- STORED DATA -
********

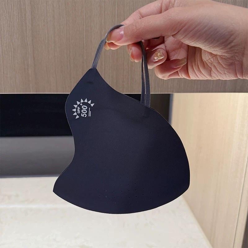 マスク 男女兼用 薄手 接触冷感 UPF50+ 紫外線対策 UVカット 曲線型 ワイド 目元カバー ナイロン 通気性 速乾 抗菌 防臭 耳掛け式 無地 春夏秋 向け
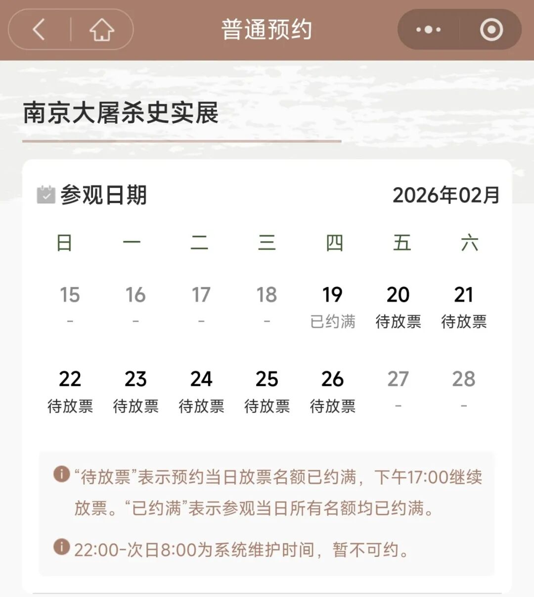 侵华日军南京大屠杀遇难同胞纪念馆、南京大屠杀史实展2月19日已约满,2月20日至2月26日预约显示待放票状态。
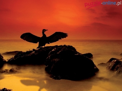 Słońca, Kamienie, Mgła, Kormoran, Zachód, Ocean
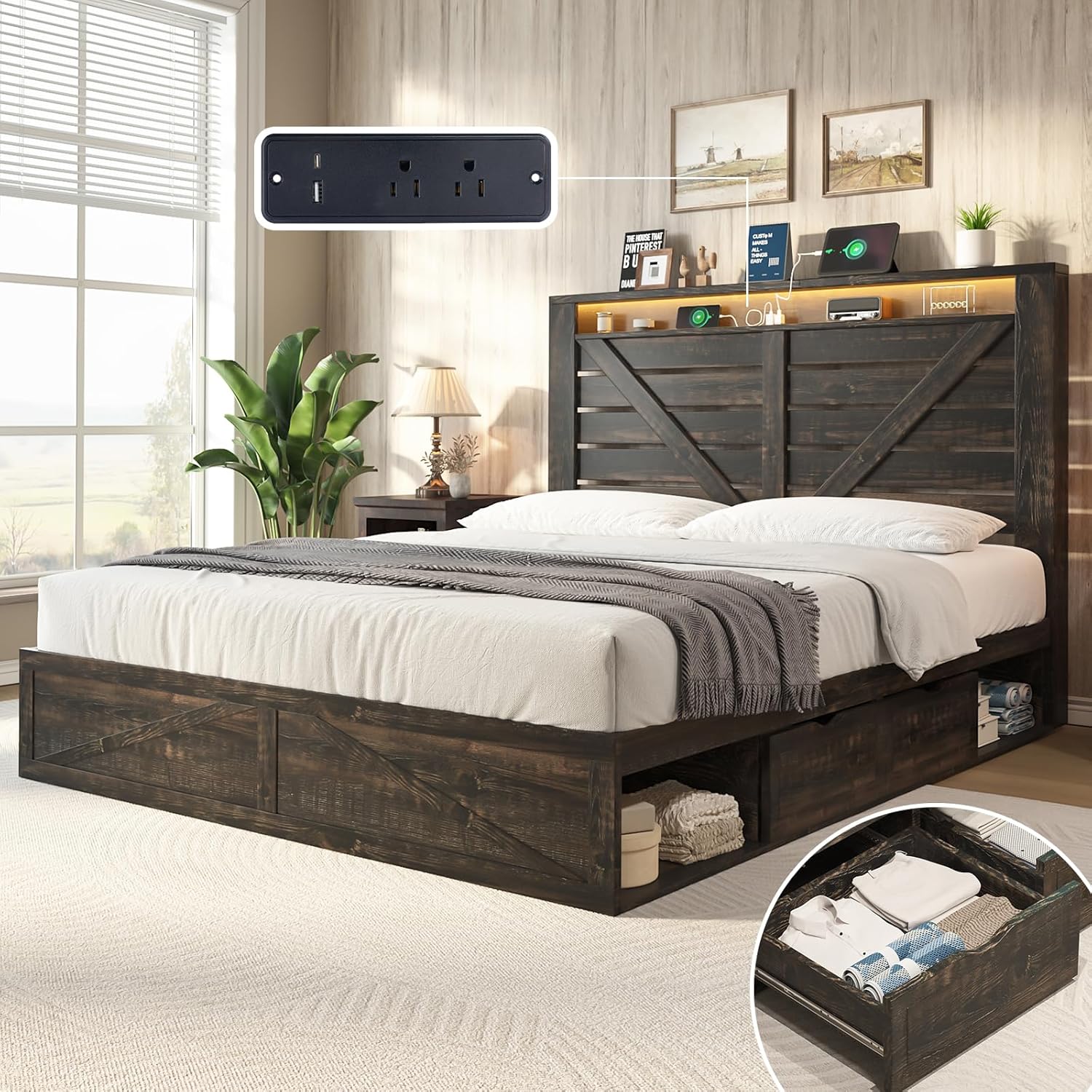 Amerlife Storage Bed Frame with 4 Drawers & LED Light, Charging Station

********

- WHAT YOU SHOULD DO -
Your job is to repeat the data exactly, leaving each picture out.

- WRITTEN RESPONSE -
 マスク 男女兼用 薄手 接触冷感 UPF50+ 紫外線対策 UVカット 曲線型 ワイド 目元カバー ナイロン 通気性 速乾 抗菌 防臭 耳掛け式 無地 春夏秋 向け
 侵华日军南京大屠杀遇难同胞纪念馆、南京大屠杀史实展2月19日已约满,2月20日至2月26日预约显示待放票状态。
 Słońca, Kamienie, Mgła, Kormoran, Zachód, Ocean
 Amerlife Storage Bed Frame with 4 Drawers & LED Light, Charging Station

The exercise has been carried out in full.